One of the many reasons for visiting Umbria also undoubtedly includes the region’s impressive culinary heritage, and one of the finest local delicacies is certainly the truffle, which comes in many varieties.
Overall there are approximately 10 regional varieties, from the black or Norcia truffle, to the white truffle, and even the summer black truffle.
Let’s have a look at Umbrian truffles, at least the best-known varieties.
BLACK TRUFFLE OF NORCIA
The black truffle, or the truffle of Norcia, is certainly the best known and is plentiful in Umbria.
It is in season from November to March and is particularly common in the Valnerina area, but also in the hills of Trevi and Mount Subasio.
They measure between two and eight centimetres. The outer layer is black and rough, while the pulp ranges from black to purple with very fine white veins.
It is highly appreciated in the kitchen for its intense fragrance and its highly unique and unmistakeable flavour.
WHITE TRUFFLE OF UMBRIA
The white truffle of Umbria is also particularly fine and rarer than the black variety.

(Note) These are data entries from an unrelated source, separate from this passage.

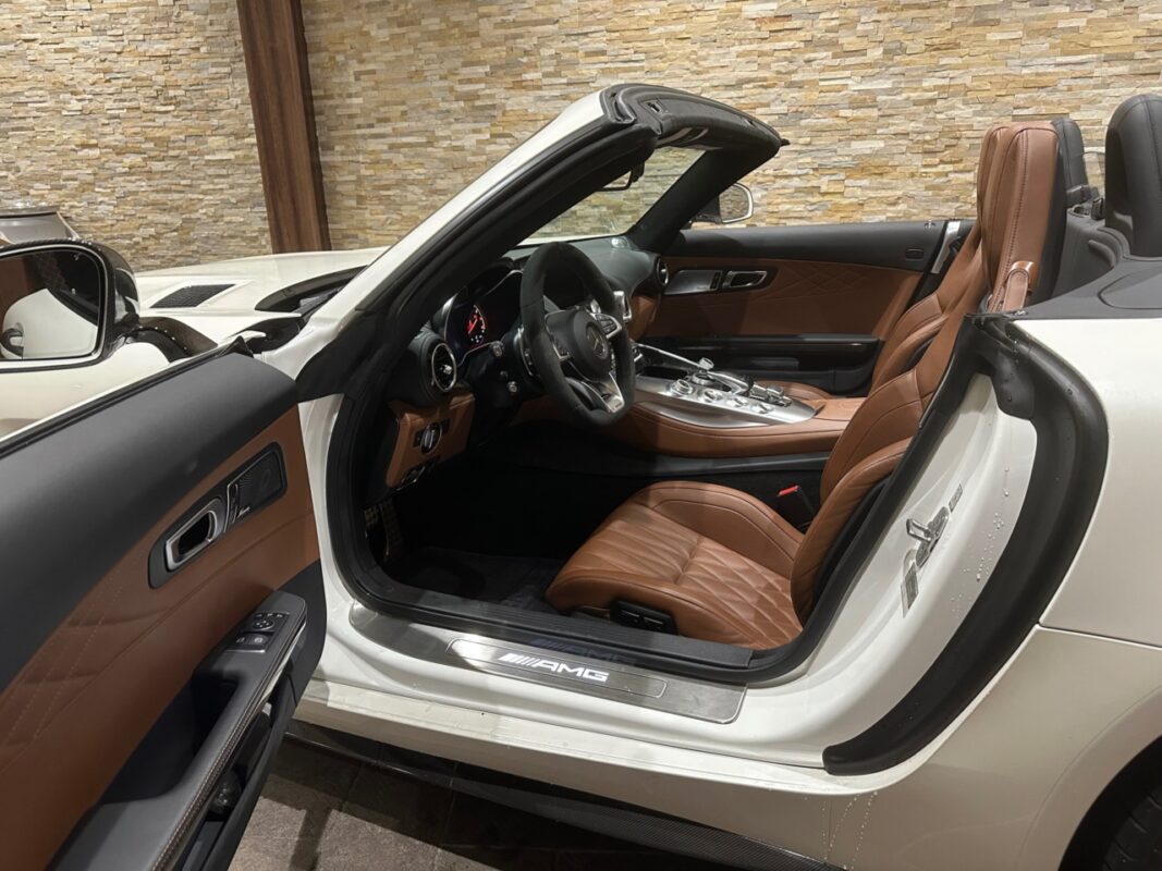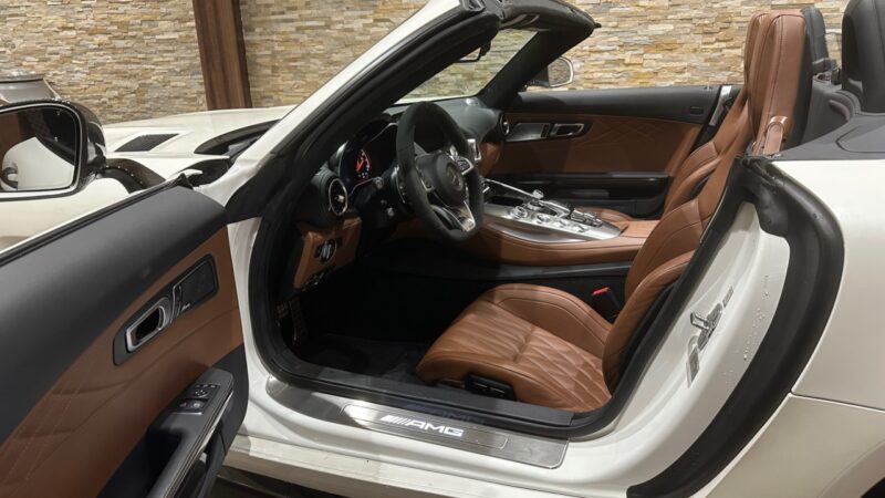 メルセデスAMG GT Cロードスター 4.0 左H GTCロードスターはこの個体含め全国に8台と大変希少な車種。 外装ホワイト、内装ブラウンになるとこの1台のみ。 希少なこともありこの価格帯からは値崩れ幅も低く資産価値も高い一台。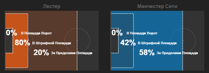 Несмотря на то, что Сити нанес большее количество ударов по воротам, Лестер имел больше явных голевых моментов. Да и ударов в створ у "горожан" маловато – всего 3. Причем, Лестер 80% своих ударов нанес из пределов штрафной, а Сити – всего 42%. Один Варди обязан был оформлять дубль еще в первом тайме.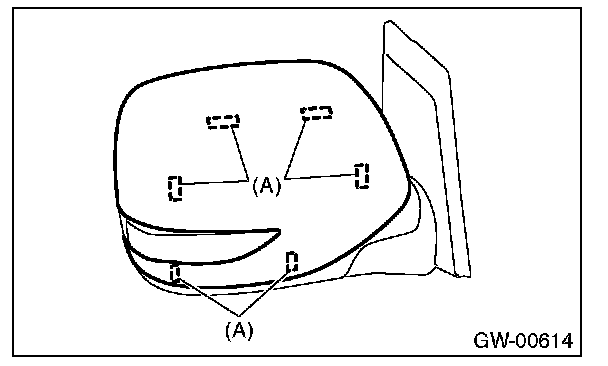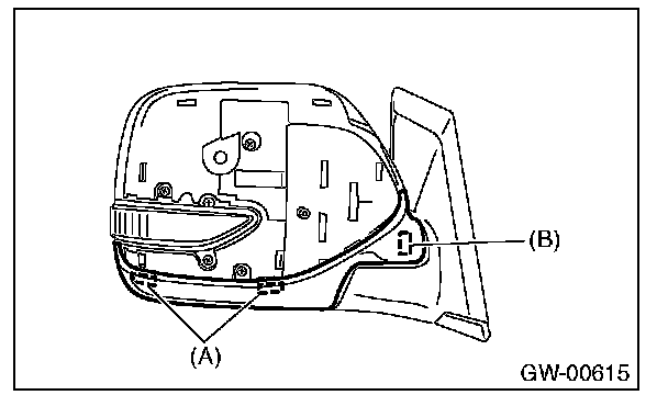 CAUTION: Claw (B) cannot be disengaged from the inside of the outer mirror. When removing, be careful not to damage the parts.

It is harvested from October to December or January and grows in the Upper Tiber Valley and in the areas of Gubbio and Orvieto.
It can even grow quite big, the colour of the outer layer ranges from white to yellow. The inside is more of a nut colour, with a strong fragrance and equally intense flavour.
To fully enjoy it, it must be used raw, possibly in shavings over the dishes it is enhancing.
SUMMER BLACK TRUFFLE
Among the varieties of Umbrian truffle, the summer black truffle is considered to be lower quality, yet very common and widely used to flavour cheeses and cold cuts or to prepare tasty sauces.
It is harvested mainly in the summer, but also in the fall.
The outer layer is rough, black with shades of brown, inside it ranges from brown to nut colour with a light shade of very fine veins.